Travel restrictions earlier in the year and other pandemic measures appear to have led many people in the province to take their vacations closer to home. Some stations even extend their season to take advantage of demand.
Trout Pond Lodge in East Kemptville would normally close to guests in late October, but now plans to stay open until mid-February.
Patrick Wallace, who bought the 13-bedroom property in 2018, said Nova Scotians have flocked to the resort despite the lockdowns and uncertainties of the past two seasons,
“In fact, we’ve never been this busy and we are just so grateful to all the Nova Scotian guests who have visited us, many, many of them, repeat customers,” he said. .
According to Wallace, about half of the resort’s guests were from overseas before the pandemic. He said the other half came from across Canada.
Nova Scotians Willing To Pay
Guests have come almost exclusively from Nova Scotia or the Atlantic bubble over the past two seasons, he said.
Wallace said the resort did not have to offer discounts and was able to maintain prices due to high demand.
He said the pandemic showed people in the province and region were willing to pay a high price for high-end “indulgent madness”.
He said the decision to keep the hotel open until mid-February was based on demand, as the year-round supply of jobs made staffing easier in the medium and long term.
“We have always felt very, very, regretful and very sad at the end of a season where you have to say goodbye to people you really care about,” he said.
“Being able to keep our team together… they’re already really good and they’re just going to get better and better. “
Digby Pines Golf Resort and Spa is also reporting a successful season despite the opening postponed to June 4. Its scheduled opening date was April 30.
Paul Stackhouse, the managing director, said demand for rooms, the resort’s main source of income, was high. But he said the pandemic distancing rules were affecting food and drink income.

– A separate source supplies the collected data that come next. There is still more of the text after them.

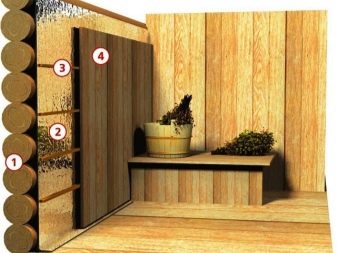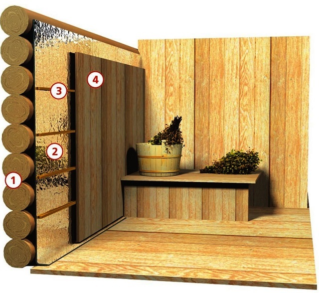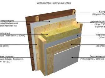 Wenn der Rahmen außen mit Brettern ausgekleidet ist, sind auf der Innenseite mehrere Schichten angebracht, die für eine normale Wärmeeinsparung sorgen.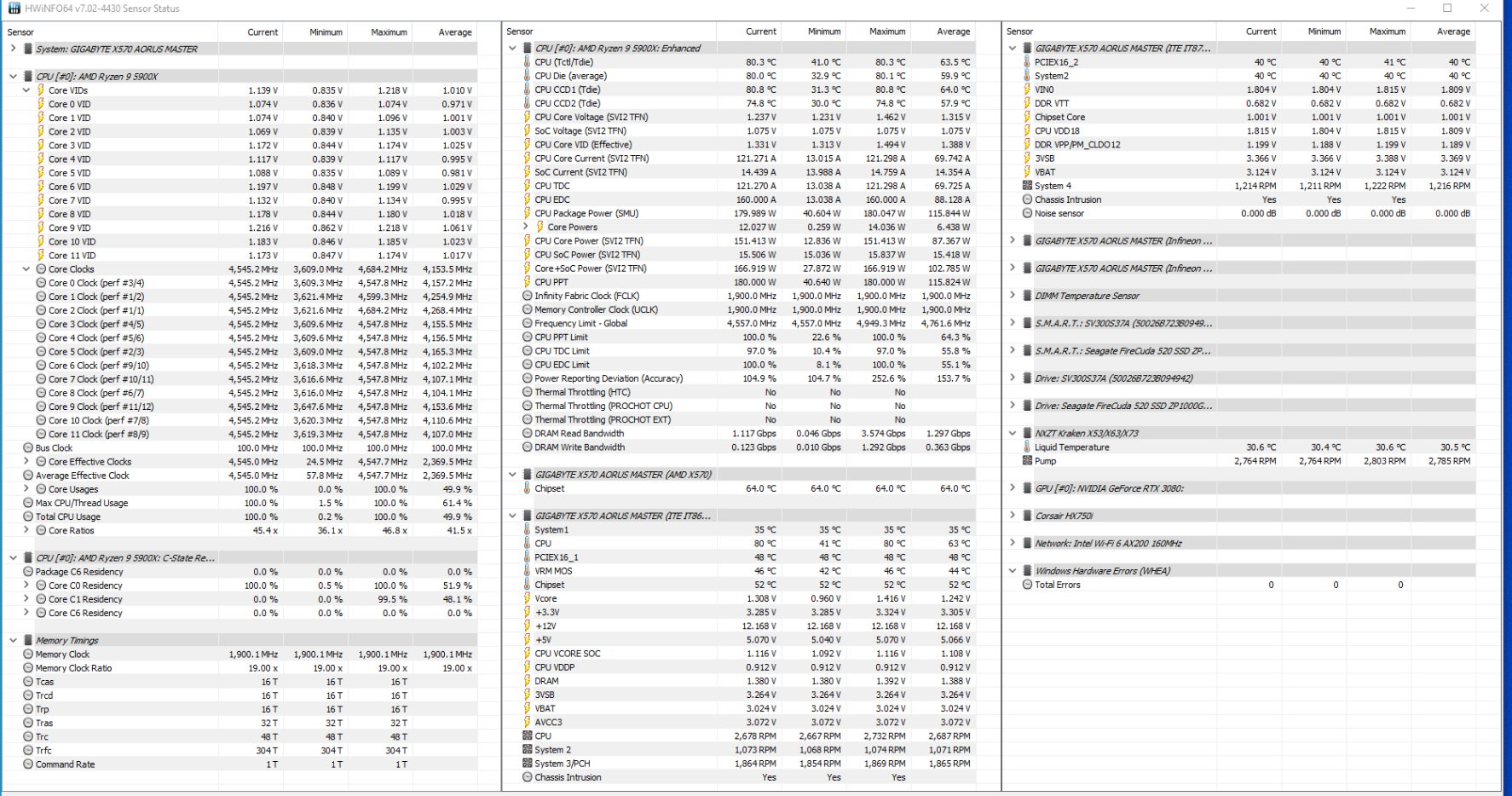Делюсь болью и страданиями! В начале 2021 года купил я 5950X и материнку ASUS X570-I всё настроил спустя пару месяцев, радовался. Спустя пол года начались приколы, за неделю разок проскакивали ошибки WHEA Logger, по одной, потом через пару месяцев вообще критически ошибки WHEA Logger начали появляться и ребуты, причём под малыми нагрузками при просмотре видео или ютубчика, или при свёрнутой игре на паузе. После перепаковки водоблока на видюхе остались термопрокладки Gelid GP Ultimate, разобрал материнку, поменял термопрокладки на VRM, на обратной стороне VRM и на чипсете и вуаля, всё как рукой сняло. Напряжения CLDO VDDP, VDDG IOD, VDDG CCD получилось снизить до старых пределов. Какая связь между WHEA и охлаждением материнки я ХЗ. Но изначально начало помогать тупо обдув вокруг сокета 120мм вентилем. Теперь и без вентиля работает. Посмотреть бы на материнку в тепловизор.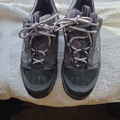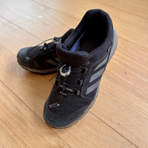 Behagelige Goretex sko til tur. Sålen på skoene er like hel, de er slitt på tuppen av skoen (se bilde), ellers like fine.

He said the main challenge, as it was in many places, was finding staff.
“If you talk to anyone in our industry, there were a lot of managers making beds this summer,” Stackhouse said.
He attributes some of the demand for resorts like Digby Pines to people looking for chalet-style accommodations and open spaces.
He said people who would normally have gone on vacation in the past two years have money set aside to spend a vacation closer to home.
The resort would normally close on Thanksgiving weekend, but chose to stay open until the end of October due to demand.
According to Stackhouse, the station, which was originally owned by the province, is not wintered. He said it was not possible to stay open beyond October, although people called to inquire about stays in November.
There is a plan to winterize part of the hotel that will allow year-round operation from 2022.
Dean Leland, owner of Oceanstone Seaside Resort near Peggys Cove, said business was back to 2019 levels despite the disruption in wedding and corporate activities.
The complex, which is open year-round, continues to face labor shortages, Leland said.
He said this was the main challenge facing the industry and the problem kept him awake at night.
“A lot of the workforce issues are beyond our control and there is a lot of work to be done on the part of others,” he said. “I guess this will help solve the problem, but it won’t be an immediate solution and we all know that. “
At Milford House in rural Annapolis, which bills itself as “Nova Scotia’s oldest family-friendly wilderness resort,” General Manager Krista Vidito said it was “a hugely successful season. “.
Vidito said many people who would normally have left the province for their vacations discovered the resort for the first time.
She said some services like housekeeping had to be cut due to the pandemic, but customers understood the situation.
“We have a really big dining room, so we were able to keep a distance, keep a spacing,” she said.
“We were very lucky that way and offered take-out for the first time and we also offered terrace service for the first time. “
The resort has 28 cabins, three of which are wintered and available year-round, even when the main lodge and restaurants close for the season.
Vidito said guests have mainly come from Halifax for the past two years, but a large number of guests have come from the United States before the pandemic.
“We’ve had a few returns this year, but for the most part we’re still looking forward to welcoming them until next year,” she said.